Fundus Görüntülerinin Diyabetik Retinopati Değerlendirmesine Yönelik Olarak Bölütlenmesi
Özet
Diabetes, one of the most common diseases, leads to various complications. One of these complications, diabetic retinopathy, is the leading cause of permanent blindness in adults. Regular screening for this disease not only reduces the risk of vision loss for patients but also lowers healthcare costs through early diagnosis. To establish an efficient public health screening system, it is essential to reduce the workload on doctors. Therefore, automating diabetic retinopathy checks has become a popular topic in recent years.
A system that enables the detection of diabetic retinopathy must learn to recognize signs of the disease, whether they are explicit or hidden. In this thesis, we focused on the direct segmentation of lesions required for classifying the disease. For this purpose, we used the IDRiD dataset, which includes four important lesion types: microaneurysms, hemorrhages, exudates, and soft exudates.

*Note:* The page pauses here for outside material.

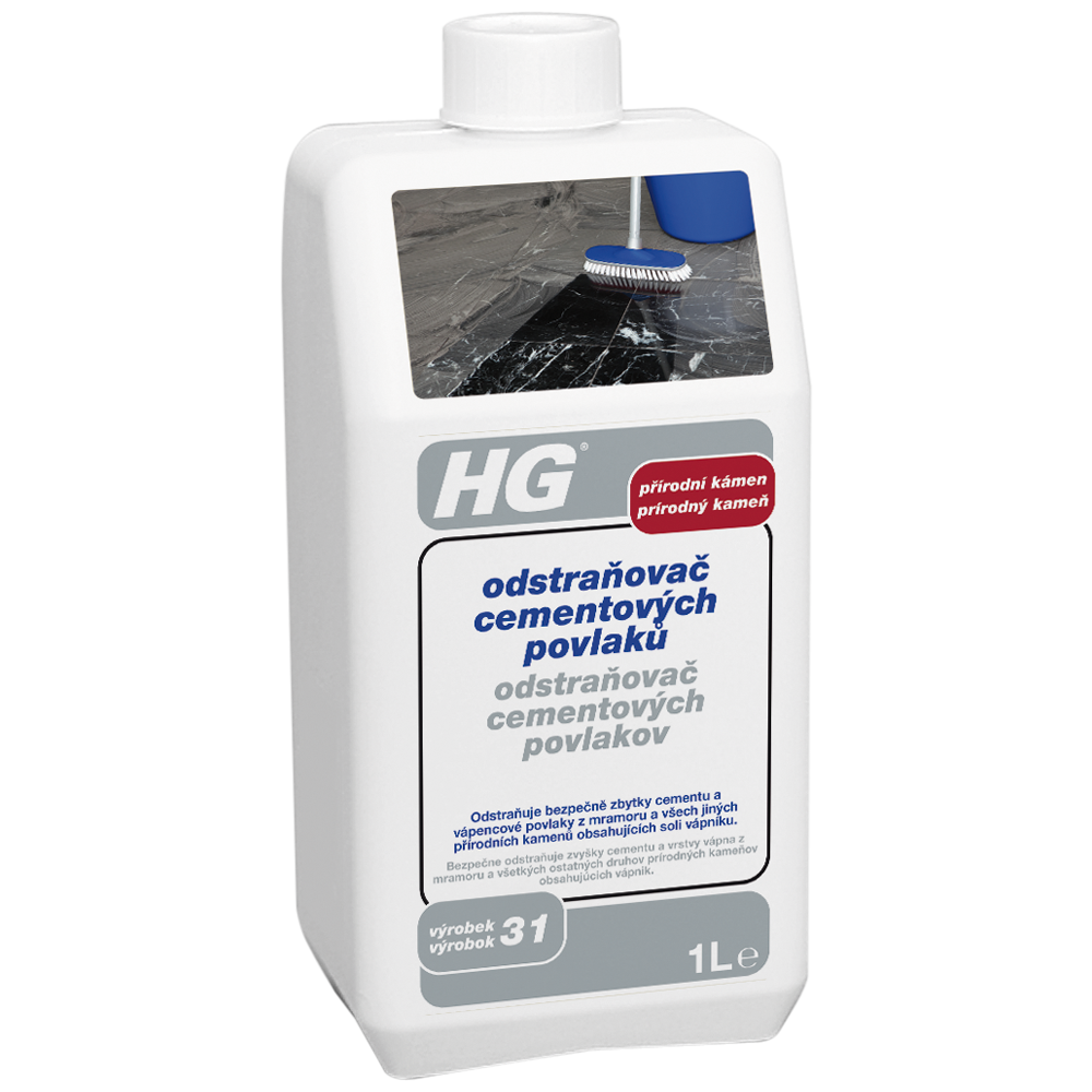 HG odstraňovač cementových povlaků (HG výrobek 31) je nekyselý a tudíž bezpečně odstraňuje zbytky cementu či vodního kamene z mramoru a dalších druhů přírodního kamene obsahujícího vápník, jako je např. travertin, modrý vápenec. ale je také vynikající na betonové či plastové dlaždice obohacené drtí přírodního kamene, jako např. žulový či mramorový kompozitní materiál.

In this study, we addressed the challenges arising from the limited number of images and lesions in the dataset. To achieve this, the following dataset-focused methods were developed:
• Pre-processing methods to enhance the visibility of retinal lesions.
• Data augmentation method by adding lesions to healthy images.
• A three-stage transfer learning method.
With the help of these methods, various parameters and combinations of other techniques were tested, resulting in achieving the second-highest performance value in the literature. The positive effects of the listed methods were tested and presented.